[Records from a collection]

===

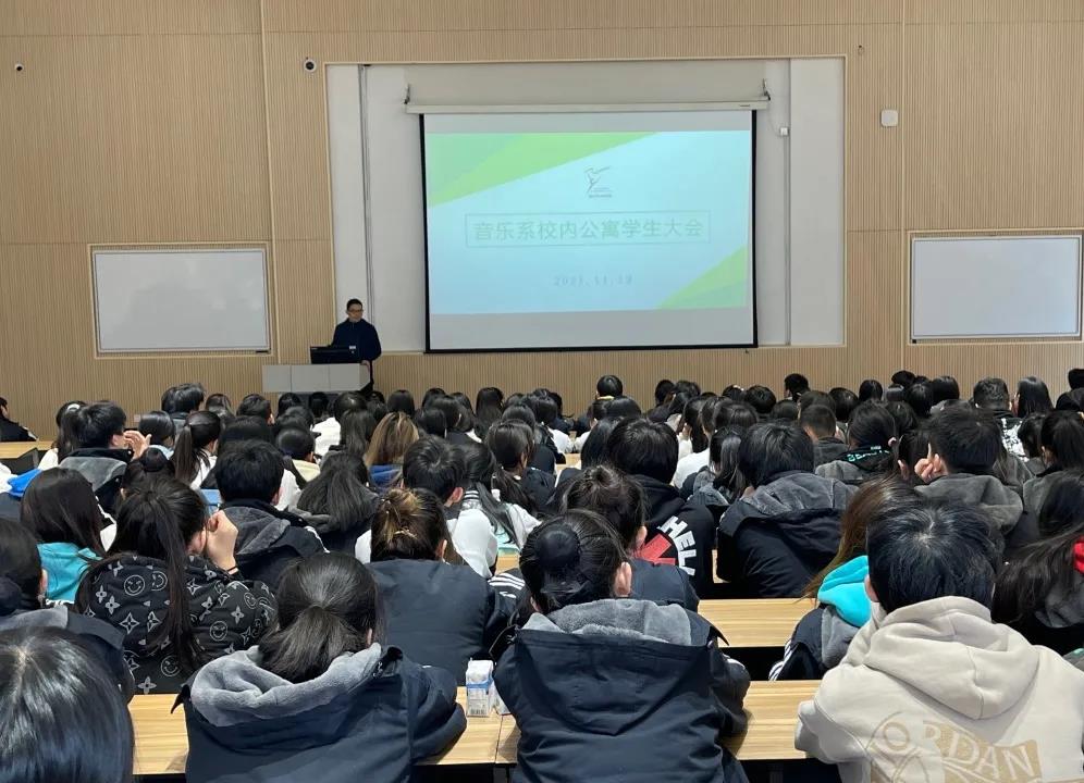 为进一步增强音乐系中专段学生管理,11月19日中午,音乐系召开校内公寓学生大会。学工部(学生处、保卫处)附中学生科科长颉顺虎,音乐系中专段班主任、辅导员出席,全体入住校内公寓学生参加。会议由音乐系党总支专职副书记刘梦伟主持。
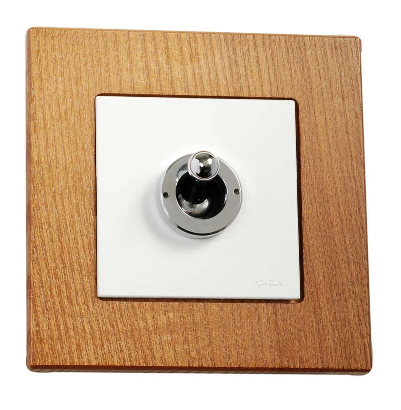 En bois de merisier, cet interrupteur de la série F-37 de Fontini est muni d’un levier rond chromé et d’un intérieur blanc mat. Cet interrupteur est entouré d’une plaque en bois. Le bois de merisier, par sa couleur naturelle très tendance, apporte une tonalité contemporaine discrète et sobre. Les produits de la gamme F-37 intègrent des mécaniques modernes, aux normes, et s’installent sur toutes les boîtes d’encastrement standard: aucun problème à l’installation.
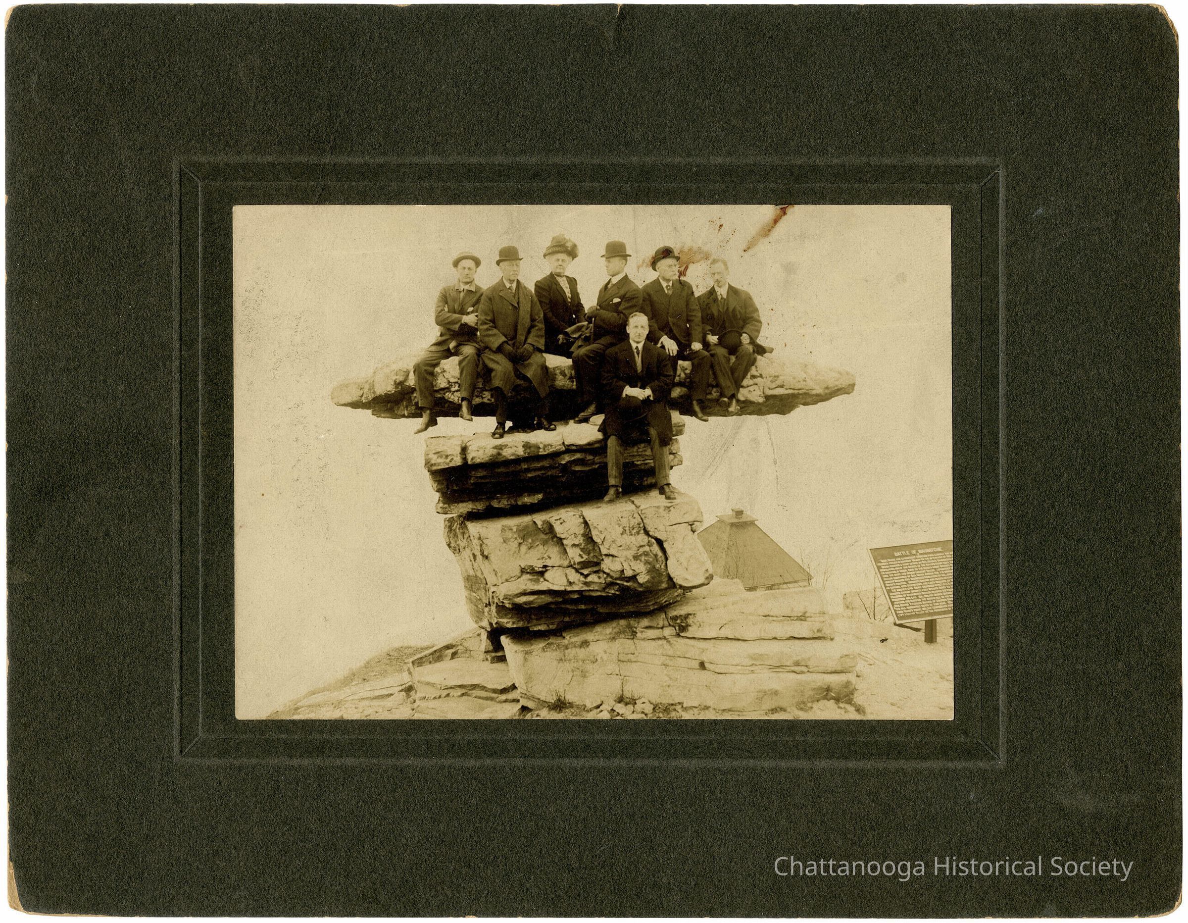 A cabinet card photograph showing six men and one woman sitting on Umbrella Rock atop Lookout Mountain, Tennessee. All but one man is sitting on the very top of the slab, with the woman sitting at center, top. They are all dressed in dark clothing. The roof of the Point Hotel can be seen behind the formation and the information signage for the Battle of Wauhatchie is to the right.
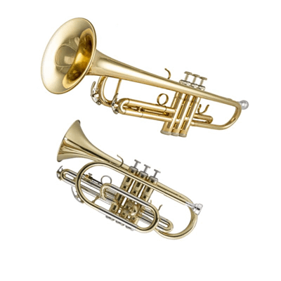 Trompeten er litt lengre enn kornetten og har en litt rundere klang. Vanligvis spiller de yngste kornett og de litt eldre går etter hvert over til trompet.
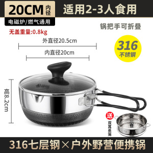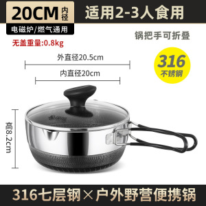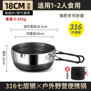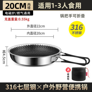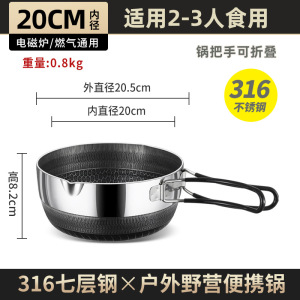 戸外登山316ステンレス折り畳み鍋キャンプ携帯フライパン鍋家庭用ピクニック鍋2点セット
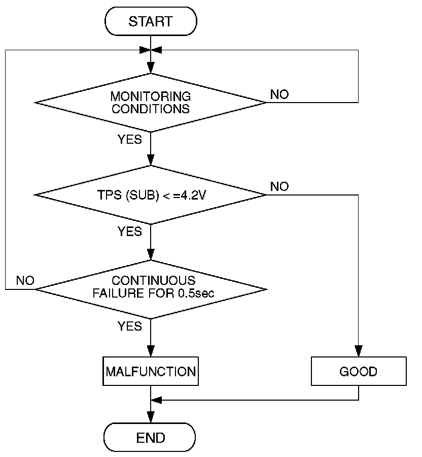 - Throttle position sensor (sub) output voltage is 4.2 volts or lower.
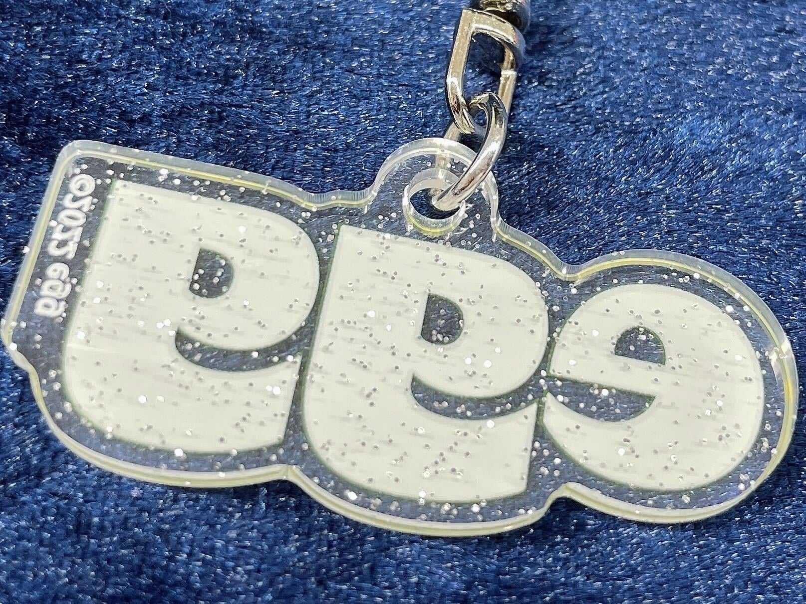 ロゴがデザインされたかわいいアクキーはラメが本体に散りばめられているので、光があたるとキラキラ光ってとってもかわいいかわいいです♪
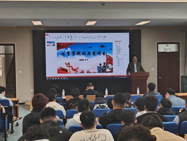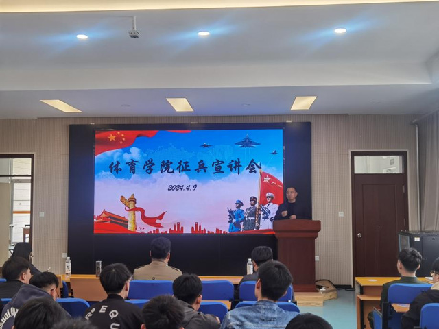 为深入贯彻习近平总书记强军思想,进一步做好2024年秋季高校征兵工作,2024年4月9日下午,williamhill威廉希尔在2号教学楼101教室召开征兵宣讲会,学生工作部管理科科长韩智利老师,武装部杨瑞老师,williamhill威廉希尔党委副书记曹绪亮老师和毕业班辅导员索罗丹老师出席本次宣讲会。
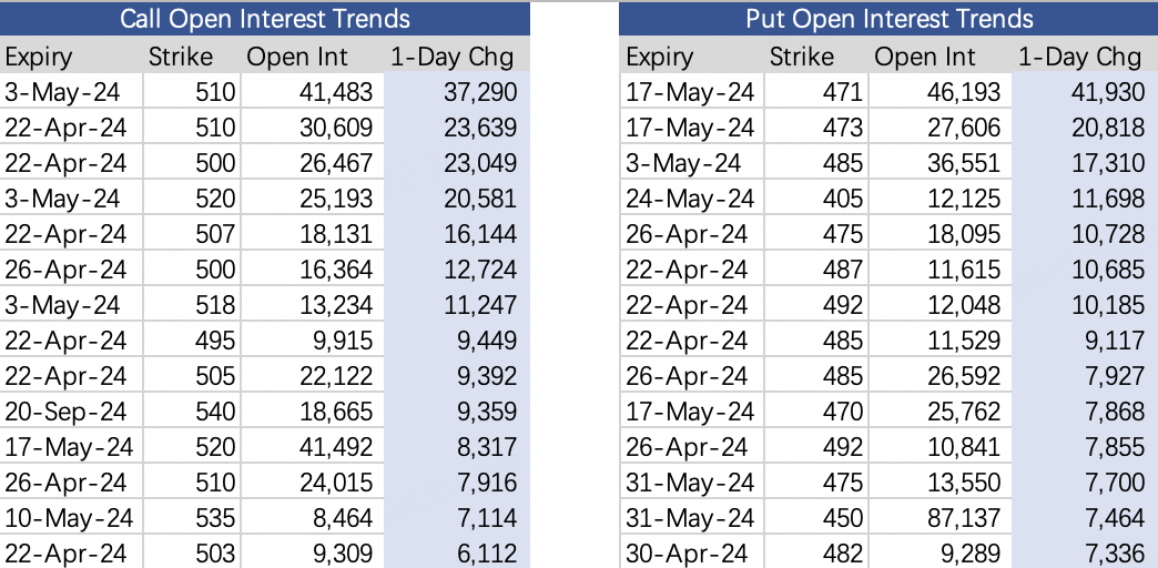 For call options, investors bought the most new $SPY 20240503 510.0 CALL$ , with a 510 strike expiring May 3, adding 37,000 contracts, suggesting expectations for SPY to trade above $510 by May 3, a 3% two-week rally.
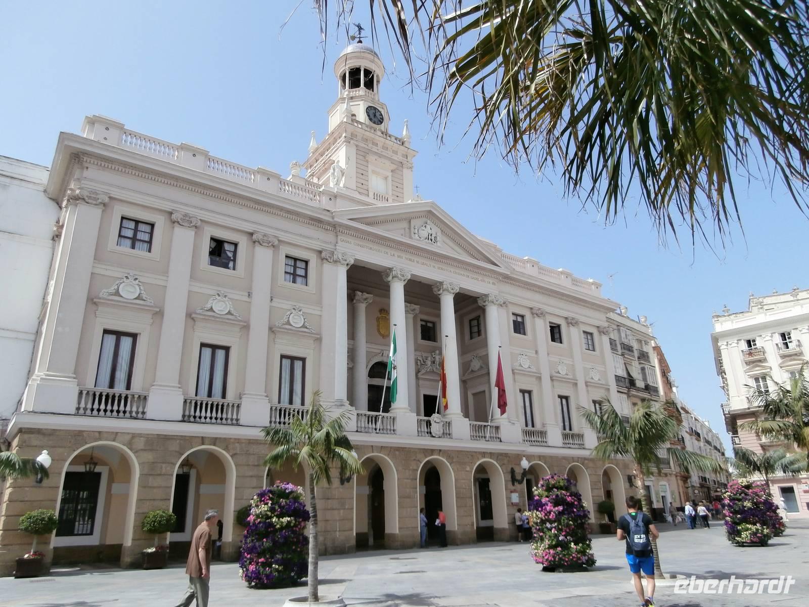 Ein gutes Frühstück mit Obst, Eiern, Tomaten und viel Auswahl an Käse und anderen Leckereien gönnen wir uns heute Morgen. Andreas fährt mit dem Bus vor und seine sportliche Übung jeden Tag besteht im Koffer ein- und ausladen, er stemmt ganz schön Gewichte. Erstes Ziel ist die schöne Hafenstadt Cádiz, hier feiert man einen besonders bekannten Karneval. Der einstige Reichtum der Stadt spiegelt sich noch in der Kathedrale und anderen barocken Gebäuden wieder.
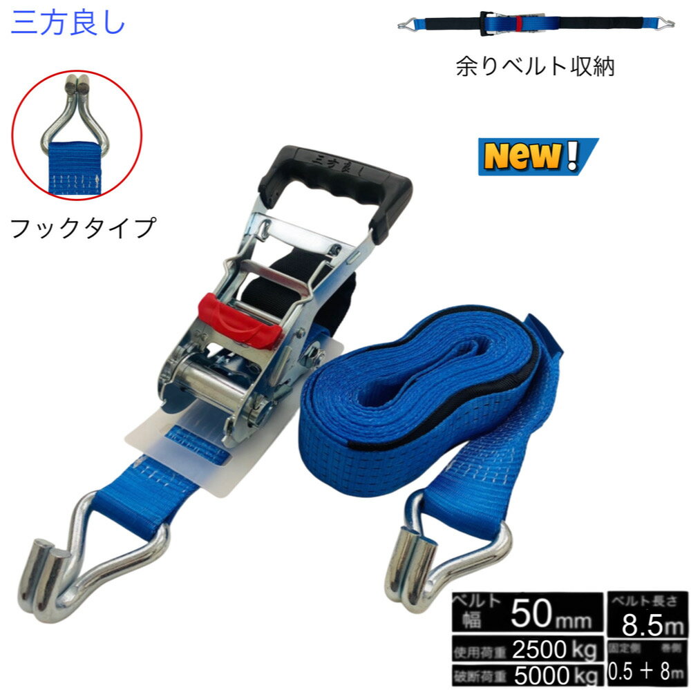 三方良し新タイプ ラッシングベルト フック 幅50mm 破断荷重5000kg 固定側 0.5m 巻側 8m 新タイプ荷締機ベルト収納式 ラッシングベルト 50mm幅 Jフック ブルー色 ラチェット式Jフック 荷締め 荷崩れ防止 車トランク用ベルト 運搬ベルト 固定ベルト タイダウンベルト ガッチャ

===

Requirement:
Restate word for word every line from the top of the entries above to the line with "En bois de merisier, cet", inclusive, and skip any pictures.

Exercise solution:
 为进一步增强音乐系中专段学生管理,11月19日中午,音乐系召开校内公寓学生大会。学工部(学生处、保卫处)附中学生科科长颉顺虎,音乐系中专段班主任、辅导员出席,全体入住校内公寓学生参加。会议由音乐系党总支专职副书记刘梦伟主持。
 En bois de merisier, cet interrupteur de la série F-37 de Fontini est muni d’un levier rond chromé et d’un intérieur blanc mat. Cet interrupteur est entouré d’une plaque en bois. Le bois de merisier, par sa couleur naturelle très tendance, apporte une tonalité contemporaine discrète et sobre. Les produits de la gamme F-37 intègrent des mécaniques modernes, aux normes, et s’installent sur toutes les boîtes d’encastrement standard: aucun problème à l’installation.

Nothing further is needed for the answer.